Browsing > By author > Gebert Johannes

Motivation

Human cancellous bone is a patient-specific, load-bearing tissue. Considerations of the spongious tissue's patient-specific mechanical characteristics promise to enable better fracture risk predictions, the design of patient-specific implants, and other applications.

However, trabeculae require about 0.015mm voxel spacing for their detailed structural representation. Computed tomography (CT) images of such spatial resolutions require radiation exposures that are prohibitive for use in vivo. Consequently, exact patient-specific quantifications of the spongiosa's mechanical behavior are unavailable a priori, e.g., before the patient undergoes surgery.

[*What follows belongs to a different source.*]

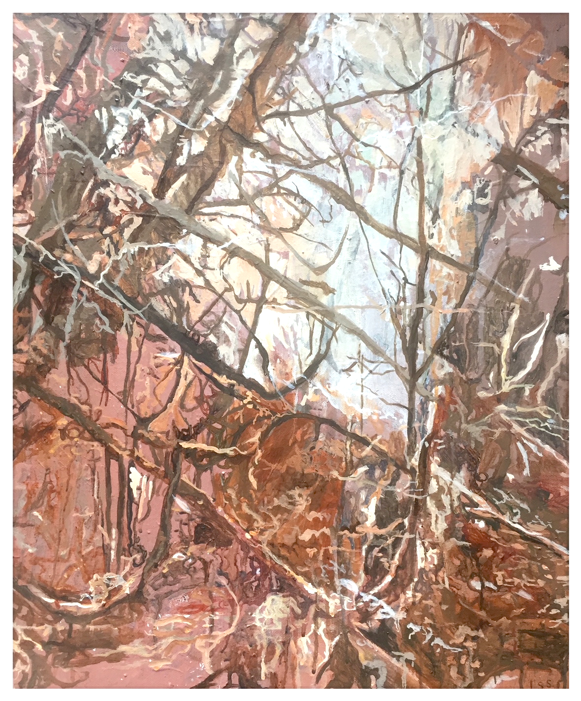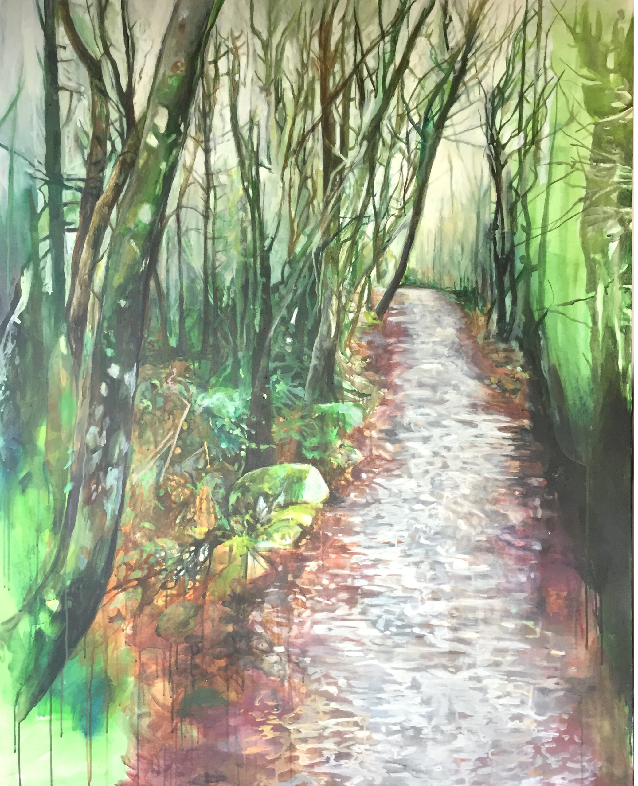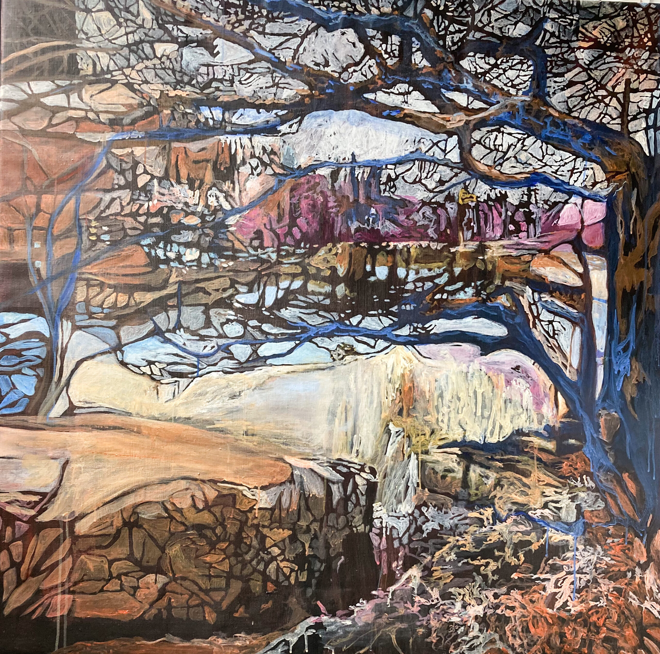 The motifs in the paintings have a motif circle with elements from landscapes and sculptures. The landscapes are taken from memories, where past and present meet. Different layers and parts are combined into new compositions and motifs.

Following is a new method and its validation for computing patient-specific elasticities based on clinical quantitative computed tomography (cQCT).

Approach and Validation

Spongious tissues consist of marrow and trabeculae, a heterogeneous, non-repetitive structure. Rodney Hill proposed a general and exact description of two phases. Rietbergen et al. developed this idea into the "direct mechanics assessment of elastic symmetries and properties of trabecular bone architecture."

Ralf Schneider implemented this direct mechanics approach for use on high-performance computers. The author developed a modified version of this software during the research. For microfocus computed tomography (µCT) scans, we rely on binary segmentation to extract the trabecular structure. The software decomposes the image into seamless, grid-parallel cuboid volume elements (VEs) of edge lengths 0.6mm, 1.2mm, 2.4mm, or 4.8mm, for which we compute effective stiffness matrices. These matrices represent the 3-dimensional, equidistant 4th-rank tensor field of mechanical elasticities of the bone. We then reorient these grid-parallel, 6x6 effective stiffness matrices to characterize the orthotropic symmetries best. The results of this process chain constitute the ground truth of this abstract.

This research aims to compute patient-specific anisotropies in vivo based on cQCT with a voxel spacing of 0.173x0.173x0.6mm. In collaboration with Peter Helwig and with the confirmation of the ethical review board, we collected and published samples of human femoral heads of patients undergoing surgery for THAs. Jan-Peter Schenkengel and his colleagues at the hospital Heidenheim scanned the femoral head with a cQCT scanner and an in vivo protocol. Additionally, we scanned the bone sample with a µCT scanner at a voxel spacing of 0.015mm.

We define the high-resolution µCT scans as the ground truth of this research. The clinical CT scan is reoriented in silico to spatially register exactly with the µCT scan of the identical bone sample.

The µCT based computations of mechanical elasticities rely on a binary segmentation of the voxel image. For cCT images, instead, we apply a direct voxel conversion based on Hounsfield values to the clinical scans. We assume that the CT attenuation depicted in the voxels of the CT scan is the superposition of the attenuation of all structural bone features contained in the respective voxel. Hence, applying a reasonable radiodensity-elasticity relationship from the literature allows us to assign mechanical properties to all voxels in a cCT image. Now, we can compute a direct mechanics assessment of the clinical image. The spatially registered cCT and µCT scans allow for comparing the anisotropies in vivo to the ground truth.

Results and Conclusions

Correlations of the spatially registered µCT to cCT comparison of the orthotropic effective stiffness give a coefficient of determination of r^2 ≥ 0.893. Eight of nine parameters have an r^2 greater than 0.9 for this representative VE edge length of 2.4mm with all parameter slopes around m ≈ 1, small intercepts b, and a p-value < 0.001. Such correlations hold despite several probable inaccuracies, which implies even higher correlations in future research.

Outlook

Probable inaccuracies are identified and can be accounted for in further research, enabling even more detailed representations of elasticities in vivo. Once these improvements are confirmed, we investigate many different bone samples. In addition, we aim to validate the method based on the opportunistic use of cQCT images that will be collected from tissues in vivo.